TesseraDAO, a decentralized finance project on BNB Chain, has been hit by a severe security incident that has effectively destroyed the value of its governance and utility token, $TSR.According to alerts from blockchain security firm PeckShieldAlert and on-chain investigator Specter, an attacker minted approximately 99 million TSR tokens through the project’s smart contract. The exploiter then rapidly sold the newly minted tokens on the market, extracting around $2.5 million in USDT. The stolen funds were subsequently bridged from BNB Chain to Ethereum, after which 1,285.5 ETH was laundered through the privacy mixer Tornado Cash.
#PeckShieldAlert Specter has reported that 99M $TSR was minted and dumped (-99%) on #BNBchain ~19 hours ago @TesseraDao.
The exploiter swapped the $TSR for ~2.5M $USDT, bridged the stolen funds to #Ethereum, and has already laundered 1,285.5 $ETH via #TornadoCash. pic.twitter.com/6cXKDyQi9l
— PeckShieldAlert (@PeckShieldAlert) June 2, 2026
The exploit address associated with the incident is 0x2201…f2Dd8. Security researchers and on-chain analysts strongly suspect that this was not a conventional external hack but rather an insider attack or the exploitation of a hidden backdoor. Reports indicate that minting privileges and certain critical functions (including MultiTransfer) were controlled exclusively by deployer-related addresses. Some analysts have described it as a rug pull-style operation executed via compromised or privileged access.This incident highlights a recurring vulnerability in smaller DeFi projects: the presence of centralized minting capabilities and privileged administrative functions in smart contracts, which can be catastrophic if the controlling keys are compromised or misused.
The TesseraDAO exploit also comes amid a wider wave of BNB Chain-related security incidents in 2026. In a separate attack reported recently, DxSale’s legacy liquidity lockers were drained of approximately $7.3 million after attackers exploited weaknesses tied to outdated locker contracts, further raising concerns about poor contract architecture and centralized controls across smaller DeFi ecosystems.
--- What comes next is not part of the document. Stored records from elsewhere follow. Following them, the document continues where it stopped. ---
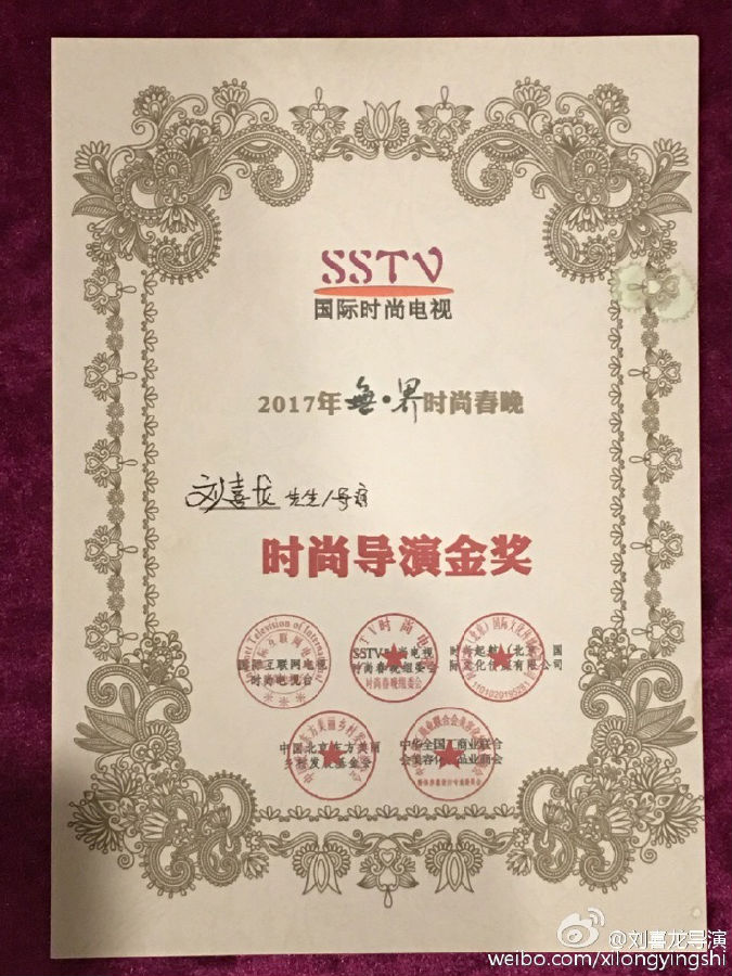 近日,劉喜龍導演榮獲SSTV時尚電視臺時尚導演金獎,據悉,時尚電視臺是以電視、電腦、手機為終端,利用三網融合技術打造出來的網絡電視公共服務平臺。旨在定制多樣性、全方位的網絡試聽互動服務,讓公眾擁有多元化的信息渠道將世界各國各地區(qū)互聯互通,劉喜龍導演已經連續(xù)兩屆參與指導時尚電視臺時尚春晚。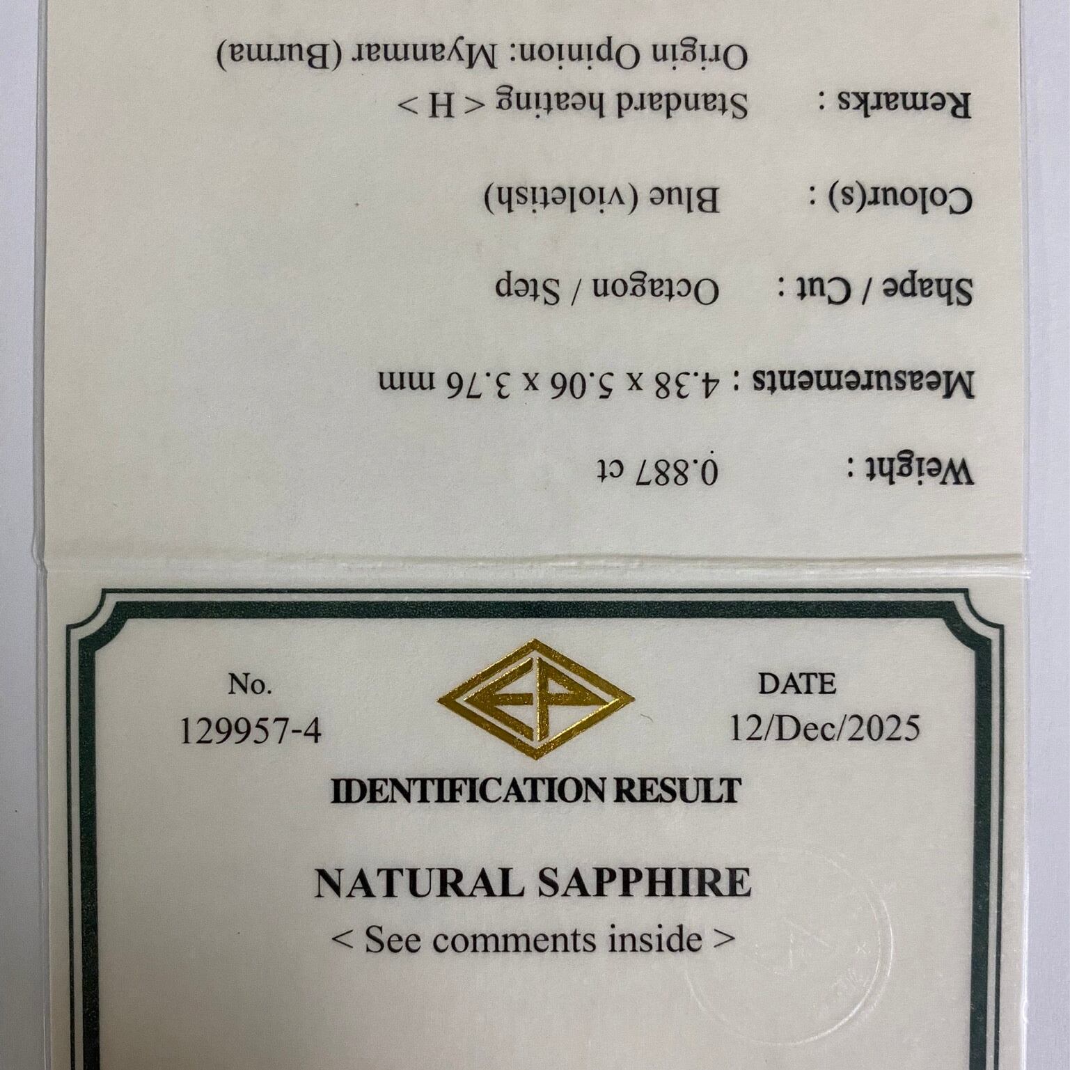 端正なオクタゴンにステップカットが施され、面で光るシャープな輝きと、四隅に溜まる弾けるような細かな煌めきが華やかさをより際立てます。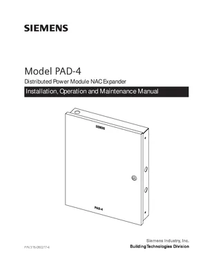 Installation, Operations, and Programming Manual for the Siemens PAD-4. Document No: 315-050217-4, Rev: 4. 8 models including PAD-4, PAD-4-CLSA, PAD-4-MB and 5 additional variants. Complete system installation, daily operation procedures, and detailed programming configurations.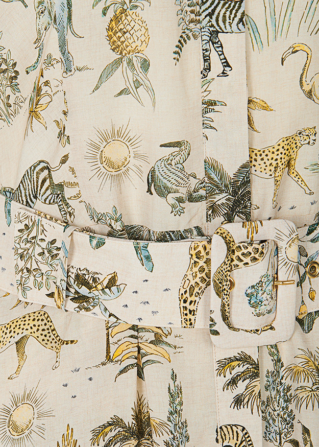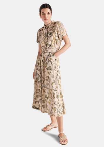 Платье-рубашка модной длины миди с короткими рукавами, поясом и расклешенным силуэтом. Настоящая классика моды, представленная здесь в эксклюзивном принте Safarino на чистой вискозе.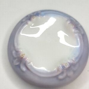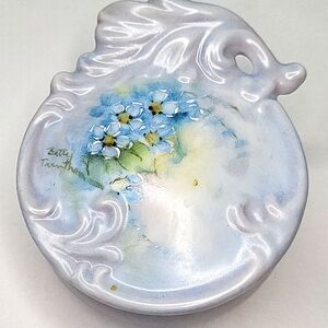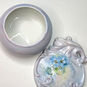 Designed and signed by Betty Tranthorn. Beautiful light blue round dish with lid. The lid has stunning details. No chips or cracks.

The massive dump of minted tokens caused $TSR to lose nearly 99% of its value within hours. The token price plummeted to microscopic levels (around $0.0002), with liquidity drying up and trading volume collapsing. Retail investors holding the token have suffered significant losses, and the project’s market capitalization has been virtually wiped out.As of the latest updates, the TesseraDAO team has not issued any official statement regarding the exploit. The project’s website and social media channels remain silent on the matter, leaving the community without clear guidance.
This exploit adds to the list of security incidents that continue to plague smaller DeFi protocols in 2026, even as larger institutional players push forward with regulated blockchain initiatives. While major platforms invest heavily in audits and security, many smaller projects still carry risks due to poor contract design, centralized controls, or insufficient oversight.On-chain investigators continue to monitor the movement of the laundered funds. It remains to be seen whether any portion of the stolen assets can be recovered or if the TesseraDAO team will take steps toward remediation, such as contract migration or compensation attempts.This story is developing rapidly. Further updates are expected if the project issues a response or if additional on-chain developments emerge.